1. **Compare to Baseline**:
   - Deployment Frequency: Increasing? (target: weekly → daily)
   - Lead Time: Decreasing? (target: < 1 day)
   - Change Failure Rate: Stable or decreasing? (target: < 15%)
   - MTTR: Decreasing? (target: < 1 hour)

2. **Identify Blockers**:
   - Low Deployment Frequency: Manual approval gates? Slow tests?
   - High Lead Time: Code review bottleneck? Slow CI/CD?
   - High Change Failure Rate: Insufficient testing? Rushing?
   - High MTTR: Poor monitoring?

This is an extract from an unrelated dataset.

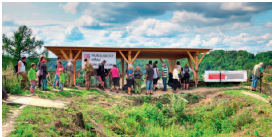
Den otevřených dveří na zřícenině hradu Brandýs nad Orlicí, 2017.

Čtvrtek 27. 2. od 18.00, Šemberův dům ARCHEOLOGIE VE VYSOKÉM MÝTĚ: OHLÉDNUTÍ PO 20 LETECH Přednáška.

Unclear runbooks?

3. **Action Items**:
   - Pick 1 metric to improve this week
   - Assign owner
   - Track in next week's review

---

## Common Issues and Solutions

### Issue 1: Missing Data Sources

**Problem**: Don't have deployment tracking or incident system

**Solution**:

- Start manual tracking (CSV or spreadsheet)
- Tag production deployments in Git (e.g., `git tag prod-2025-10-15`)
- Use Jira or GitHub Issues for incident tracking
- Implement proper tooling incrementally

### Issue 2: High Lead Time

**Problem**: Takes 5+ days from commit to deploy

**Root Causes**:

- Manual approval gates → Automate approvals or reduce gates
- Slow CI/CD pipeline → Parallelize tests, optimize builds
- Code review bottleneck → Add reviewers, reduce PR size
- Infrequent deployments → Increase deployment frequency

**Quick Win**: Deploy main branch automatically after tests pass (remove manual gate)

### Issue 3: High Change Failure Rate

**Problem**: 30%+ deployments fail

**Root Causes**:

- Insufficient testing → Increase test coverage (target: 80%+)
- Prod-staging mismatch → Make staging identical to prod
- Configuration errors → Validate config in CI
- Large deploys → Deploy smaller, more frequent changes

**Quick Win**: Add smoke tests that run post-deployment

### Issue 4: High MTTR

**Problem**: Takes 4+ hours to resolve incidents

**Root Causes**:

- Slow detection → Add health checks, alerting
- Unclear ownership → Define on-call rotation, escalation
- Poor observability → Add logging, tracing, metrics
- No rollback plan → Automate rollback, feature flags

**Quick Win**: Implement one-click rollback

---

## Improvement Roadmap

### Month 1: Establish Baseline

- Implement collection scripts
- Create dashboard
- Document current state

### Month 2-3: Low-Hanging Fruit

- Increase deployment frequency (remove manual gates)
- Reduce lead time (parallelize CI, smaller PRs)
- Reduce MTTR (add monitoring, runbooks)

### Month 4-6: Process Changes

- Shift testing left (pre-commit hooks, fast tests)
- Improve code review process (pair programming, mob reviews)
- Implement feature flags (decouple deploy from release)
- Add chaos testing (proactively find issues)

### Month 7-12: Cultural Changes

- Blameless postmortems (learn from failures)
- Error budgets (balance speed and reliability)
- Continuous improvement (regular retrospectives)
- Team autonomy (empower teams to improve metrics)

---

## Success Criteria

**After 1 Week**:

- Baseline established
- Automated collection running
- Dashboard visible to team

**After 1 Month**:

- Metrics reviewed weekly
- 1 metric shows improvement

**After 3 Months**:

- Moved 1 level up on 2+ metrics (e.g., Medium → High)
- Team uses metrics to drive decisions

**After 6 Months**:

- Deployment Frequency: High or Elite
- Lead Time: High or Elite
- Change Failure Rate: < 20%
- MTTR: < 2 hours

---

## Resources

**DORA Research**:

- State of DevOps Reports: https://dora.dev/research/
- DORA Metrics Calculator: https://cloud.google.com/blog/products/devops-sre/using-the-four-keys-to-measure-your-devops-performance

**Tools**:

- Four Keys (Open Source DORA Metrics): https://github.com/GoogleCloudPlatform/fourkeys
- Sleuth (Commercial DORA Tracking): https://www.sleuth.io/
- LinearB (Commercial): https://linearb.io/

**Books**:

- "Accelerate" by Nicole Forsgren, Jez Humble, Gene Kim
- "The DevOps Handbook" by Gene Kim, Jez Humble, Patrick Debois
- "Site Reliability Engineering" (Google SRE Book)

---

## Conclusion

DORA metrics are the industry-standard way to measure software delivery performance. Start simple (manual baseline), automate incrementally, and use metrics to drive continuous improvement.

**Key Takeaways**:

1. Start with baseline (manual is fine)
2. Automate collection incrementally
3. Review weekly, improve continuously
4. Focus on one metric at a time
5. Celebrate improvements, learn from setbacks

**Remember**: The goal is not perfect metrics. The goal is continuous improvement.